My identity

I have always felt embarrassed to identify myself as a Christian. It is really the only area of identification that I have felt uneasy about. I can easily say that I am vegetarian, a computer geek, that I enjoy swing dancing, even sharing my political persuasion with ease. Yet when it has come down to talking about my past church life, and the beliefs associated with my faith, I have become uneasy and clammed up. Why would this be so?
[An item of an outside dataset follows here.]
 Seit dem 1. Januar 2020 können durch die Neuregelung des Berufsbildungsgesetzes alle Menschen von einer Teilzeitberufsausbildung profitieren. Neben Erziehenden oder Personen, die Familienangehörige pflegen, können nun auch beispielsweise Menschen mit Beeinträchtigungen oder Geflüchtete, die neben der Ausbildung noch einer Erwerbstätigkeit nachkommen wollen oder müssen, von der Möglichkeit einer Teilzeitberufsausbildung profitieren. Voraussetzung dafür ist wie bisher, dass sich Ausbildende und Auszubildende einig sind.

I assume that it both marginalised me and put tremendous pressure on the need for evangelical outreach. Certainly, I have some significant emotional problems that I am currently working through. However, looking through our accounts of Christianity in world history, it appears that it is right and true to have an identity crisis. I guess it’s easy to simply overlook the crusades and witch hunts as human error, but the extent of injustice and human rights abuse goes even further.

I’ll be posting more from Bringing God Back to Earth, but in the meantime I’m not sure I want to call myself a Christian any longer. Follower of Christ, absolutely. Adherent of the Christian religion, I think I’m done.
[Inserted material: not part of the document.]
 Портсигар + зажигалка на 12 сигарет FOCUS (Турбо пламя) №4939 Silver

3 responses to “My identity

  • Rob

    Yeah, well, you could form a club. I hear this a lot from people fed up with the ‘vegas lightshow’ version of Christianity that seems to have taken over. *shrug* Good luck.

  • Gary

    Hi rob, nice to see a random comment out of the blue. I guess I could call the club ‘Hellbound’, and promote it as the haven for ex-Christians, backsliders, and church rejects. We could all wallow in just how much we hate the church, sharing our sad, sad stories.

    Seriously, I’m keen to connect with others with similar experience. It is a difficult journey, particularly when you’ve believed a certain way for a long time.

  • Rob

    Well, I’m a long-time non-believer so I don’t qualify but perhaps an ad in the local church bulletin… well, on second thought… perhaps not.

    And as far as Hellbound goes… well, that all depends on your definition I guess. Some say we’re already in hell. But then those people are typically too depressing to hang out with.